INSTRUCTIONS TO FOLLOW: Every line of the material below should be output exactly as written, with the images skipped.

══ DATA PROVIDED ══

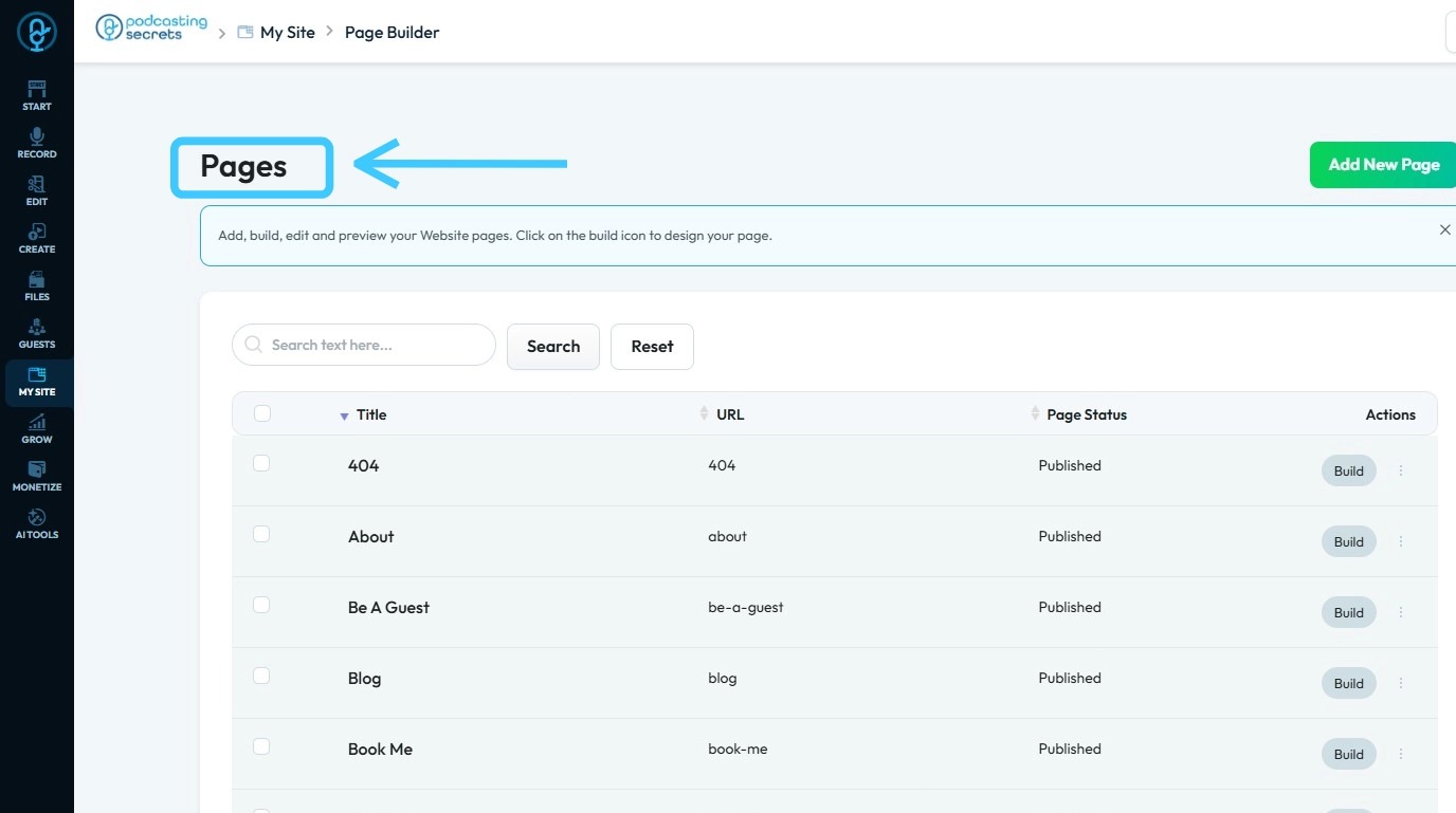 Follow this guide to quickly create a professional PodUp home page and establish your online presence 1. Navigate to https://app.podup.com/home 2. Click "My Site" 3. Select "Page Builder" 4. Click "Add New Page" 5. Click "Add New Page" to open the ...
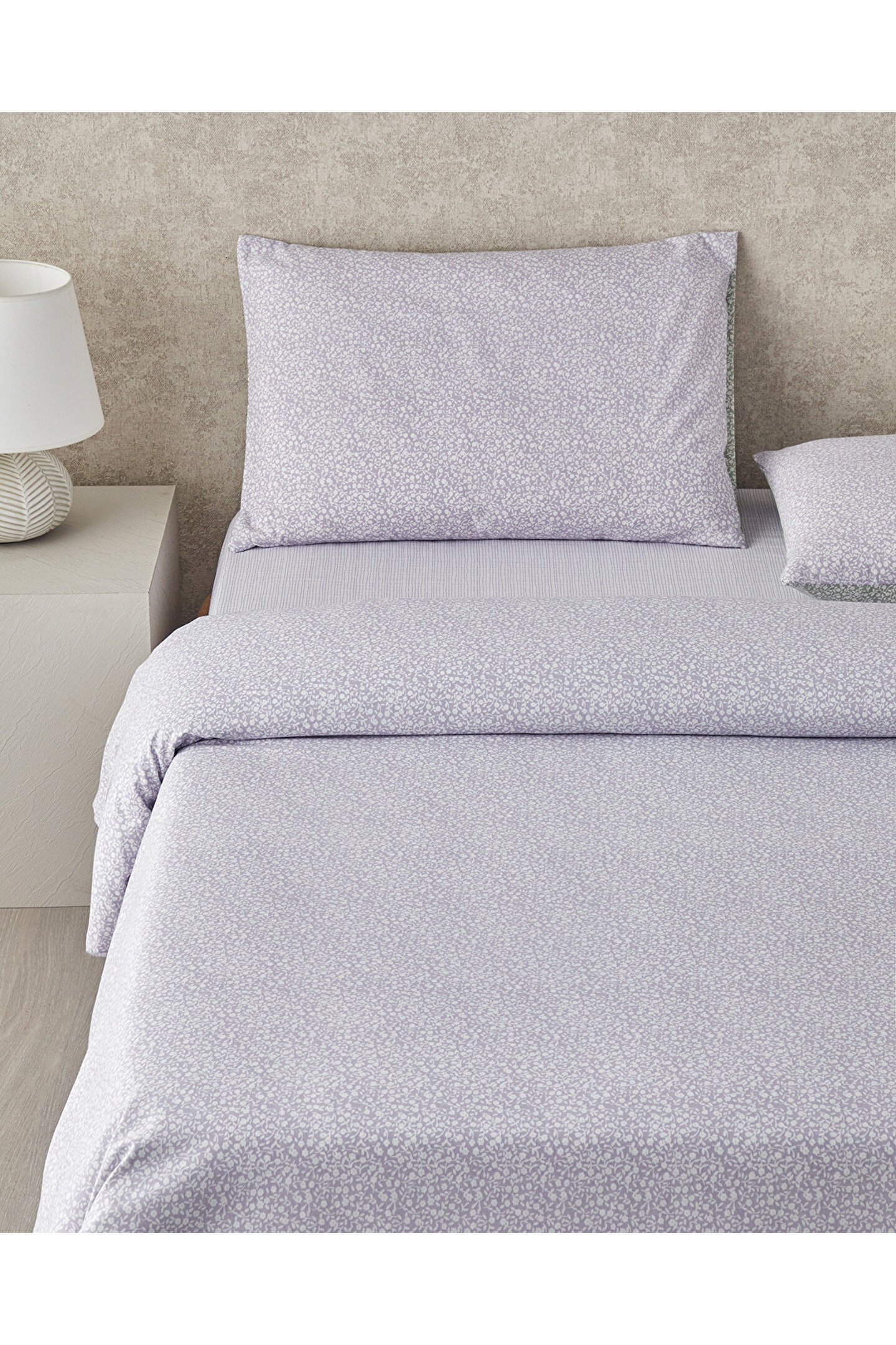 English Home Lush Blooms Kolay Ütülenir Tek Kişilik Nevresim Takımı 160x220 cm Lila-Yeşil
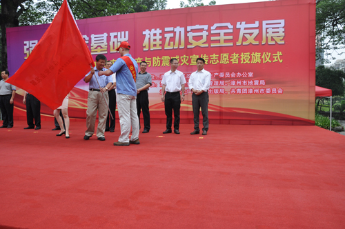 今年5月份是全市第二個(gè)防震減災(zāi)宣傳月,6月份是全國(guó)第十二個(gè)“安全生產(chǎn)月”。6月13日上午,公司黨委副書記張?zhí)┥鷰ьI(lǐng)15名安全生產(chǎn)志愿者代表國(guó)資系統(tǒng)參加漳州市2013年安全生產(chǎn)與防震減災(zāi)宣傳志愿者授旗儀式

═══

ANSWER FOR THE TASK:
 Follow this guide to quickly create a professional PodUp home page and establish your online presence 1. Navigate to https://app.podup.com/home 2. Click "My Site" 3. Select "Page Builder" 4. Click "Add New Page" 5. Click "Add New Page" to open the ...
 English Home Lush Blooms Kolay Ütülenir Tek Kişilik Nevresim Takımı 160x220 cm Lila-Yeşil
 今年5月份是全市第二個(gè)防震減災(zāi)宣傳月,6月份是全國(guó)第十二個(gè)“安全生產(chǎn)月”。6月13日上午,公司黨委副書記張?zhí)┥鷰ьI(lǐng)15名安全生產(chǎn)志愿者代表國(guó)資系統(tǒng)參加漳州市2013年安全生產(chǎn)與防震減災(zāi)宣傳志愿者授旗儀式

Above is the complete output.